--- Entries shown Enclosed Below ---

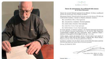
Primers nomenaments del bisbe Octavi Vilà a Girona DL, 22/04/2024 | BISBAT DE GIRONA
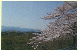
菅田橋付近 (二本松市江口)
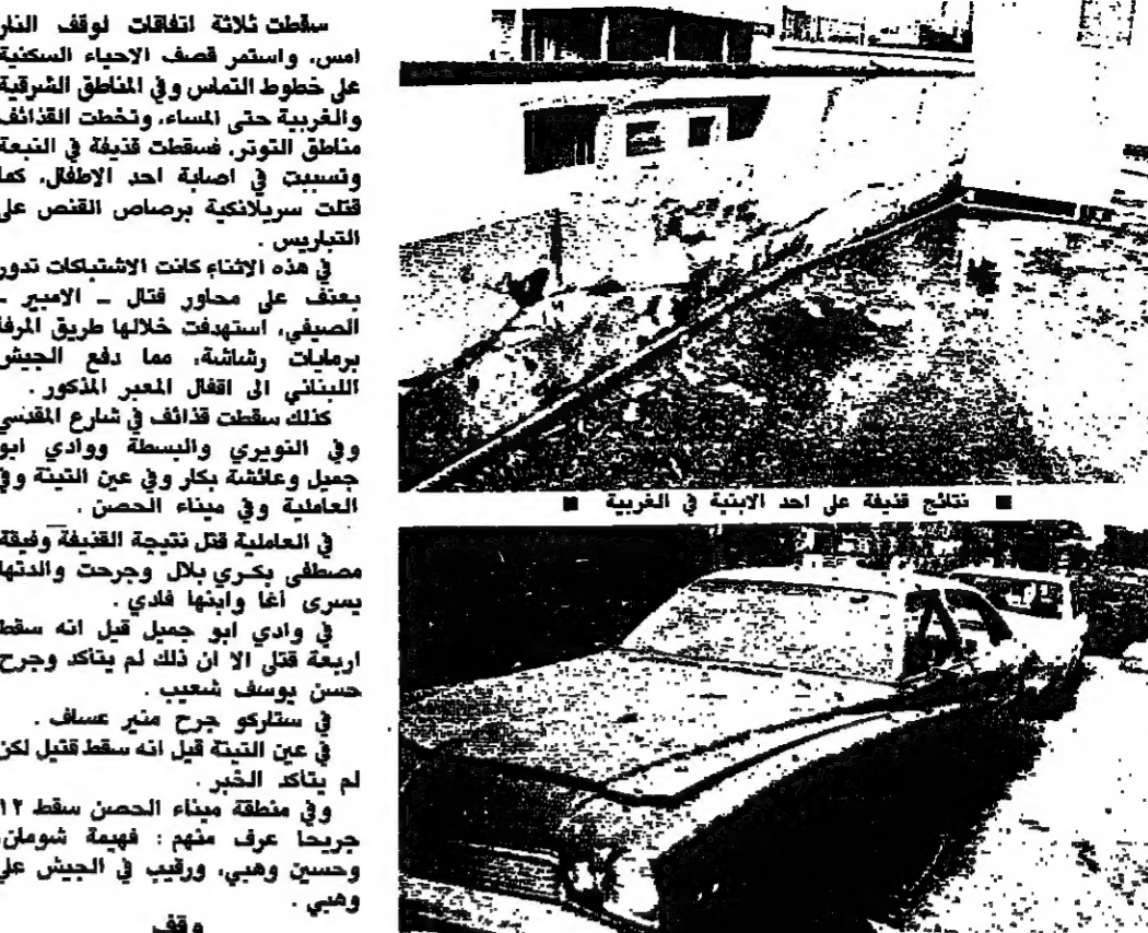
سيران أصيبتا بتظليل القذافي في المنطقة الغربية
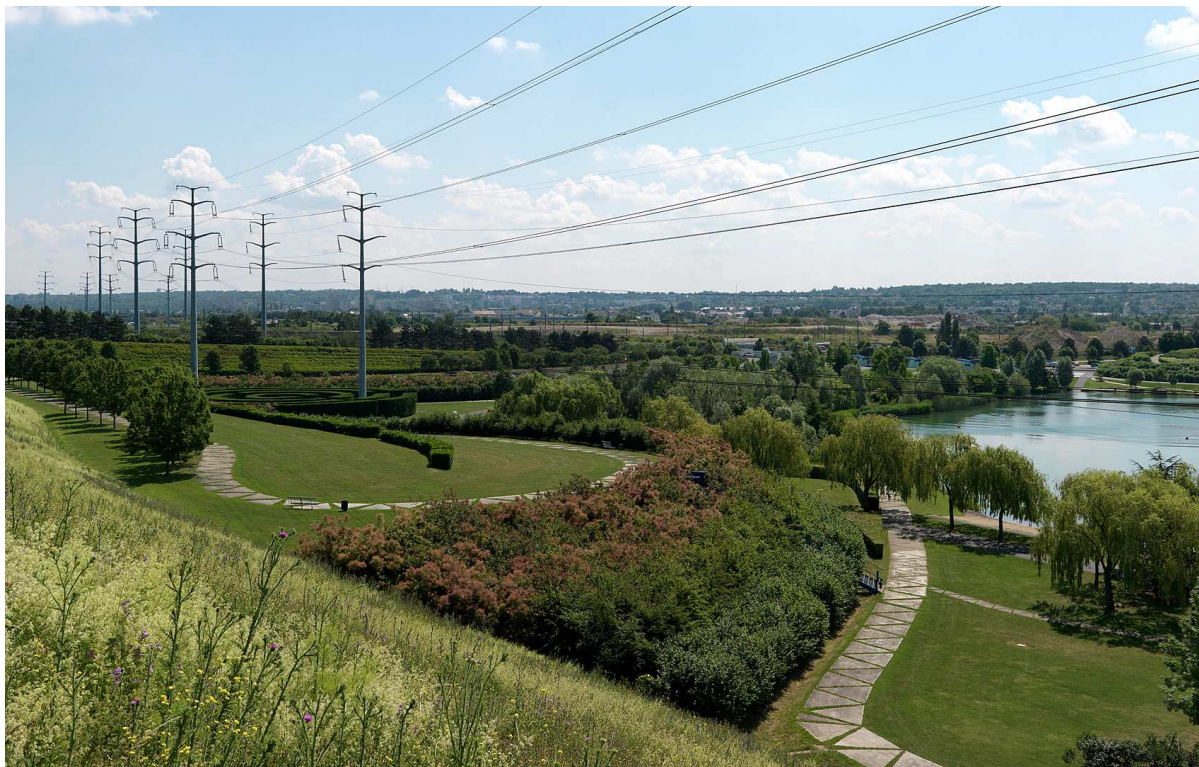
Valenton, parc départemental de la Plage Bleue.
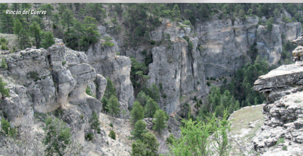
Rincón del Cuervo
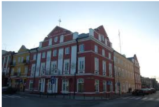
Dom Sejmikowy w Krasnymstawie

Wyjątkiem od reguły był Śląsk, który nie wszedł z automatu w skład II RP ale dopiero walczył o przyłączenie do Polski poprzez III Powstania
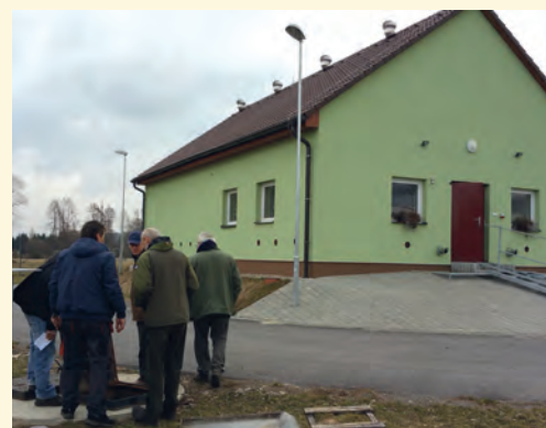
ČOV v Hajnici

■ Zástupci obcí a provozovatelů zařízení konstatovali, že kanalizace patří do základní infrastruktury města, která bude
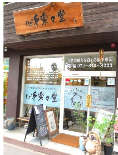
たぬきの置物が目印です
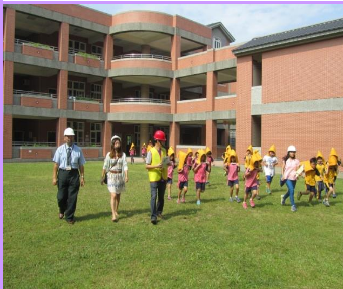
教育局長視導學生疏散過程
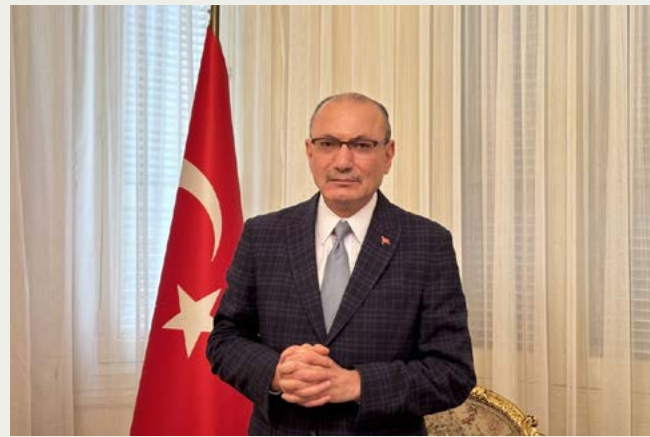
الرئيسان سيارتين منفصلتين من المطار، العلم المصري ثم يتوجها إلى قصر إحداهما تحمل العلم التركي والأخرى الرئاسة بعد استراحة قصيرة لشرب

وأشار خلال لقاء تلفزيوني لبرنامج «على مسؤوليتي» مع الإعلامي أحمد موسى عبر شاشة «صدي البلد»، مساء الإثنين، إلى أن «الرئيس أردوغان اهتم بالرئيس السيسي أكثر من غيره من الرؤساء»، وتجاوز البروتوكولات المعتادة.
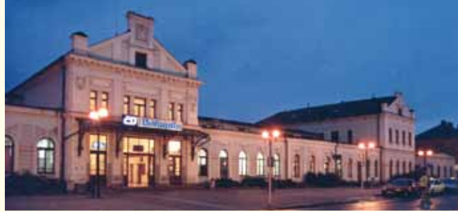
Novorenesanční budova nádraží v Novém Bohumíně patří k nejhezčím v České republice. Neorenesančný budyněk dvorcowy w Nowym Boguminie należy do najpiękniejszych w Republice Czeskiej.

Vznikla v roce 1847, kdy do Bohumína přijel i první vlak. V roce 1860 na jejím místě vyrostla nová stanice. V letech 1902 až 1904 byla přebudována v novorenesančním stylu. Má bohatou štukovou výzdobu. V devadesátých letech 20. století došlo ke komplexní opravě stanice v původním stylu. V roce 2003 prošlo rekonstrukcí i nádraží. Jako komplex teď patří k jednomu z nejhezčích a nejmodernějších nádraží v České republice.
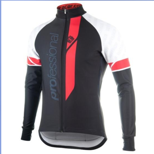
CHAQUETA WINDBLOCK WINTER
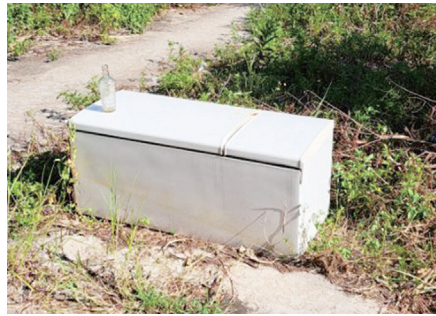
不法投棄されている冷蔵庫

町長 生活環境の保全を図るため、日々の不法投棄パトロール、注意喚起看板の設置に取り組んでいる。また、不法投棄が多発する場所については、監視カメラを設置し不法投棄者の摘発に取り組んでいる。

--- End of Enclosed Entries shown ---

▸ **Aim of the task**:
Scan the data above for the word "republice". Copy every line in which it is found.

▸ **Answer to the exercise**:
Novorenesanční budova nádraží v Novém Bohumíně patří k nejhezčím v České republice. Neorenesančný budyněk dvorcowy w Nowym Boguminie należy do najpiękniejszych w Republice Czeskiej.
Vznikla v roce 1847, kdy do Bohumína přijel i první vlak. V roce 1860 na jejím místě vyrostla nová stanice. V letech 1902 až 1904 byla přebudována v novorenesančním stylu. Má bohatou štukovou výzdobu. V devadesátých letech 20. století došlo ke komplexní opravě stanice v původním stylu. V roce 2003 prošlo rekonstrukcí i nádraží. Jako komplex teď patří k jednomu z nejhezčích a nejmodernějších nádraží v České republice.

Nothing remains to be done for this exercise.